▸ DIRECTIONS FOR THIS TASK:
Write out exactly the lines from the one containing "Skates, 45 inch" to the end of the material, both ends included, and nothing else. Leave pictures out.

▸ DATA EXCERPT:

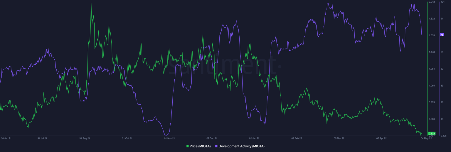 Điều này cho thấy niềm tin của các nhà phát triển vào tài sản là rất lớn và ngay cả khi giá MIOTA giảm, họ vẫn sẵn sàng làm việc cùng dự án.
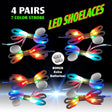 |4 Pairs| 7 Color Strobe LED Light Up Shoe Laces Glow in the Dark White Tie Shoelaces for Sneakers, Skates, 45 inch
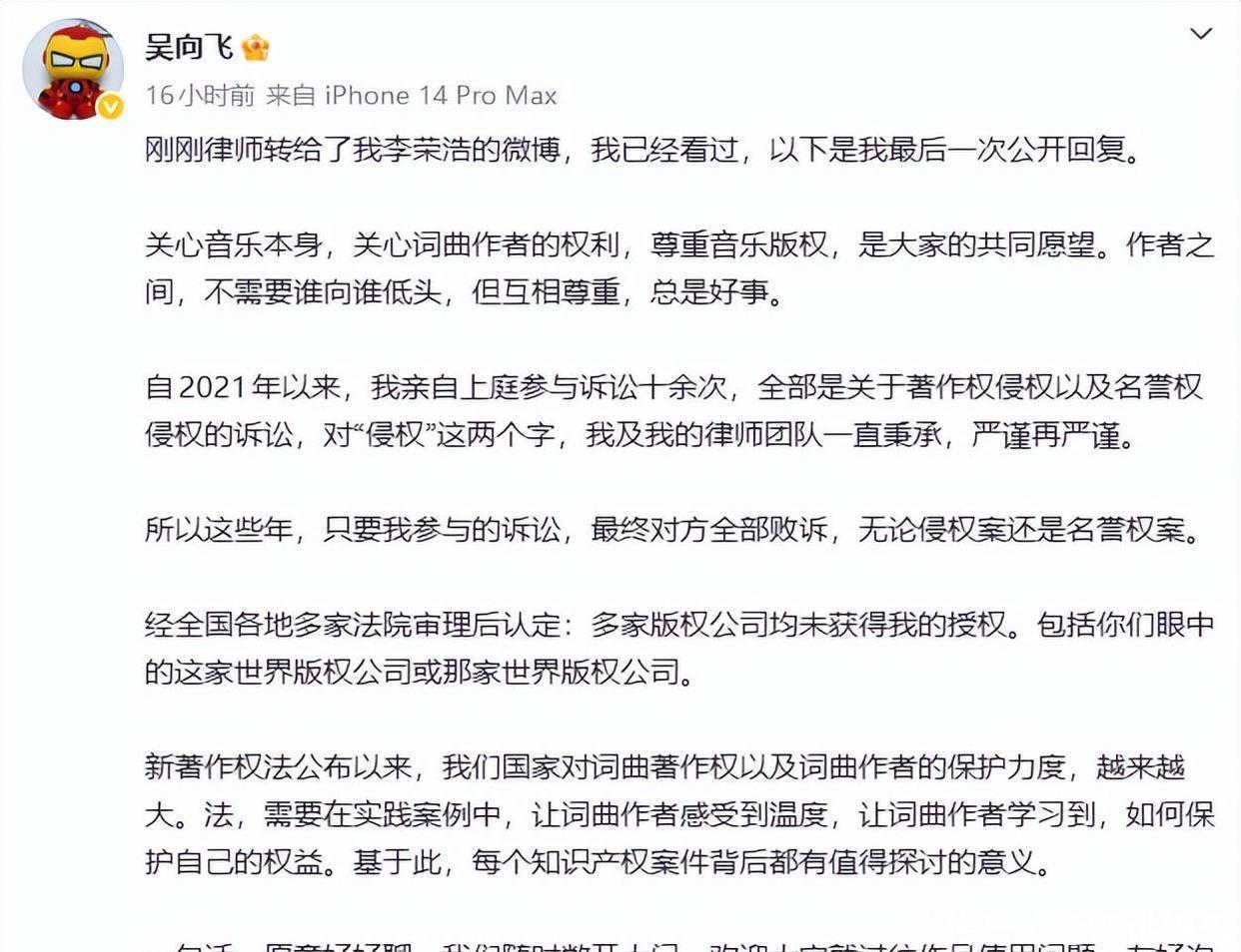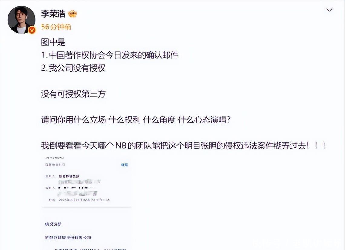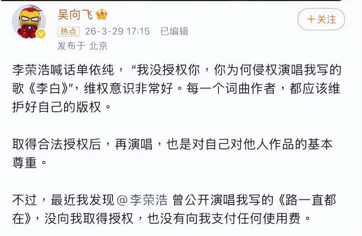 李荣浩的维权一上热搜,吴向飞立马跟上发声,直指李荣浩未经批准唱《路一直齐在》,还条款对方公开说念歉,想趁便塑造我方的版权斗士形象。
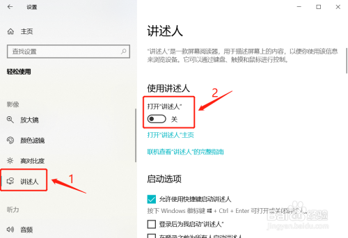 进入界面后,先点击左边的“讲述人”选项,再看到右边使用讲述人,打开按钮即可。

▸ EXERCISE RESPONSE:
 |4 Pairs| 7 Color Strobe LED Light Up Shoe Laces Glow in the Dark White Tie Shoelaces for Sneakers, Skates, 45 inch
 李荣浩的维权一上热搜,吴向飞立马跟上发声,直指李荣浩未经批准唱《路一直齐在》,还条款对方公开说念歉,想趁便塑造我方的版权斗士形象。
 进入界面后,先点击左边的“讲述人”选项,再看到右边使用讲述人,打开按钮即可。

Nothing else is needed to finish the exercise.